Stored items from a collection:
-------------------------

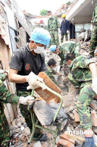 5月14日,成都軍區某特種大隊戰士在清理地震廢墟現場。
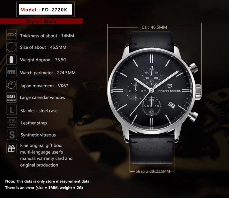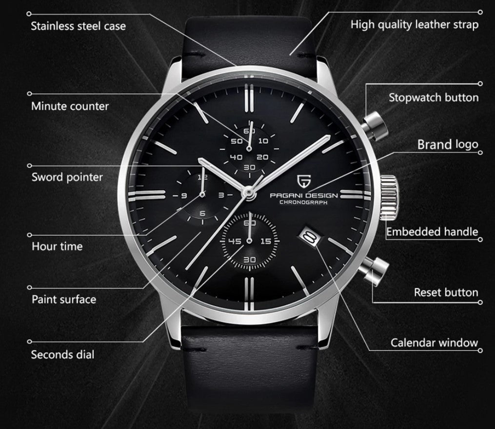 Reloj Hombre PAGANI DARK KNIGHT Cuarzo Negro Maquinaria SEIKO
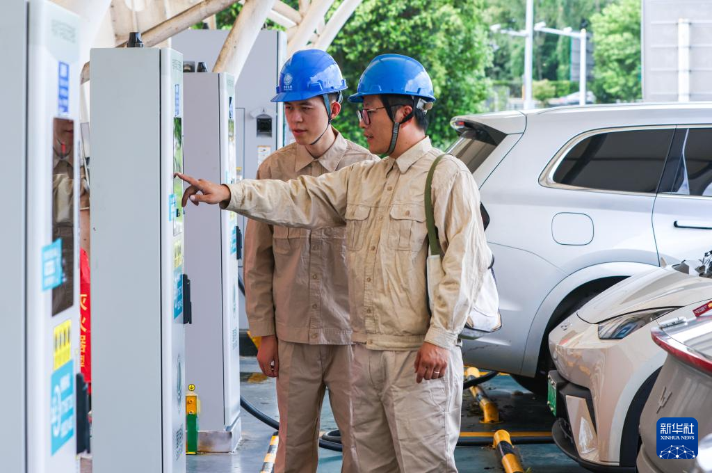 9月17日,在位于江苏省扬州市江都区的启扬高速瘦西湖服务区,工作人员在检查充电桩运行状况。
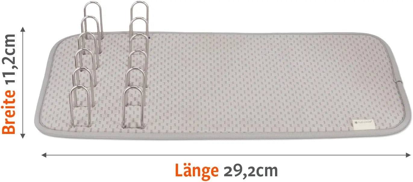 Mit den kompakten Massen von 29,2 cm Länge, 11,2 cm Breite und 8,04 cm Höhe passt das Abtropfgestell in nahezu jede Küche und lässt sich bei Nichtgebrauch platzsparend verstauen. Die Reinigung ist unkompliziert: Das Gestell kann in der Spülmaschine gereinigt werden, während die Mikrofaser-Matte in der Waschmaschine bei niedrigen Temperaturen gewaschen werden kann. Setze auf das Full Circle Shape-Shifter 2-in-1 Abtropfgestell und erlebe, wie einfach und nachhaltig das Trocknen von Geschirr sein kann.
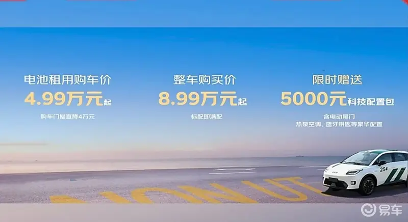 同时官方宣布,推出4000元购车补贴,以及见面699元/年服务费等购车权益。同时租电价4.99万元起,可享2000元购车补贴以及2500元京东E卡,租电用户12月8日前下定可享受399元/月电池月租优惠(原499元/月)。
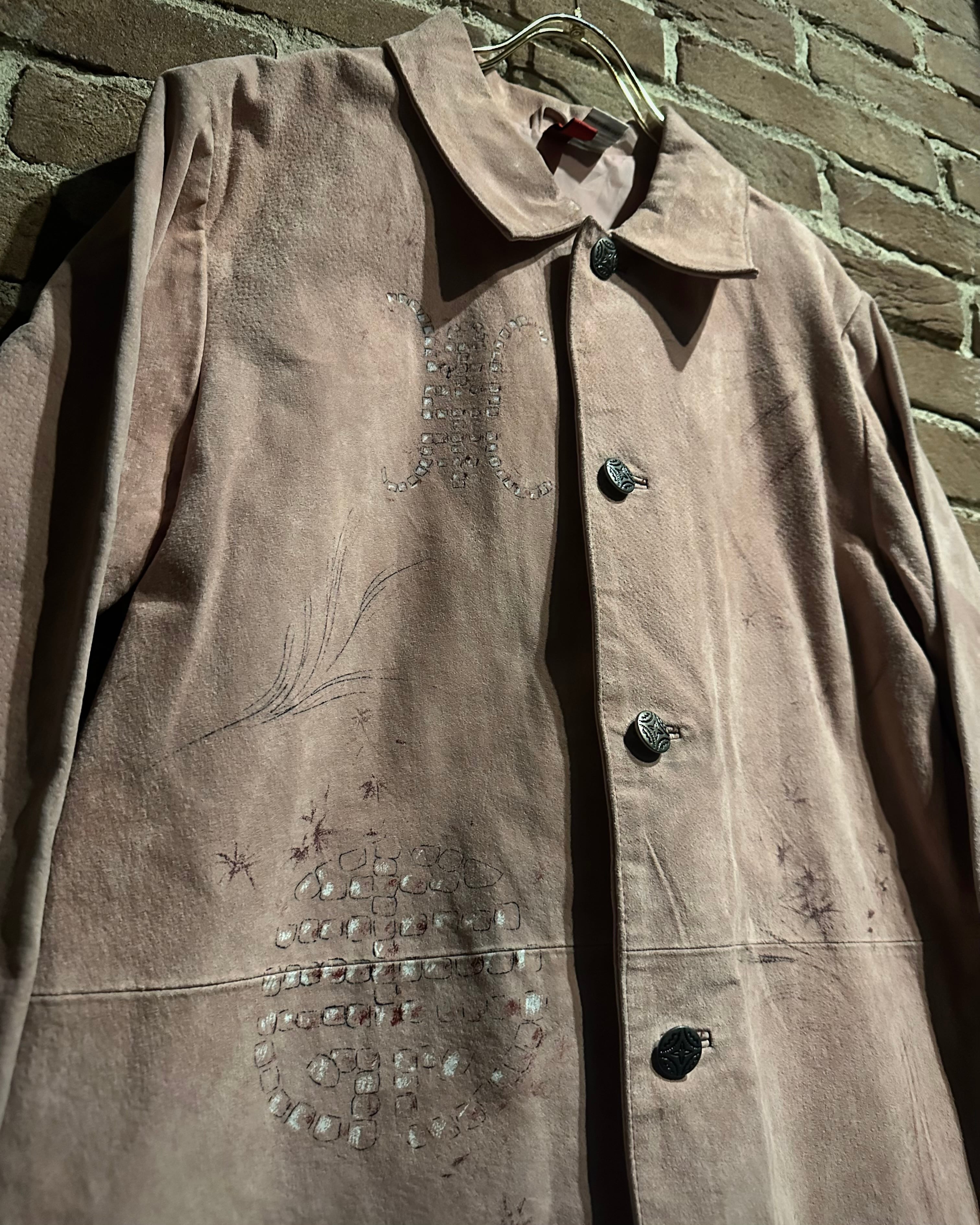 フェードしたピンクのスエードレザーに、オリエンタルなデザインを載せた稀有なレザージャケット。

-------------------------

From the line that holds "Reloj Hombre PAGANI" to the last line of the data, return those lines exactly and nothing else; both ends count, and pictures stay out.

● RESPONSE BELOW
 Reloj Hombre PAGANI DARK KNIGHT Cuarzo Negro Maquinaria SEIKO
 9月17日,在位于江苏省扬州市江都区的启扬高速瘦西湖服务区,工作人员在检查充电桩运行状况。
 Mit den kompakten Massen von 29,2 cm Länge, 11,2 cm Breite und 8,04 cm Höhe passt das Abtropfgestell in nahezu jede Küche und lässt sich bei Nichtgebrauch platzsparend verstauen. Die Reinigung ist unkompliziert: Das Gestell kann in der Spülmaschine gereinigt werden, während die Mikrofaser-Matte in der Waschmaschine bei niedrigen Temperaturen gewaschen werden kann. Setze auf das Full Circle Shape-Shifter 2-in-1 Abtropfgestell und erlebe, wie einfach und nachhaltig das Trocknen von Geschirr sein kann.
 同时官方宣布,推出4000元购车补贴,以及见面699元/年服务费等购车权益。同时租电价4.99万元起,可享2000元购车补贴以及2500元京东E卡,租电用户12月8日前下定可享受399元/月电池月租优惠(原499元/月)。
 フェードしたピンクのスエードレザーに、オリエンタルなデザインを載せた稀有なレザージャケット。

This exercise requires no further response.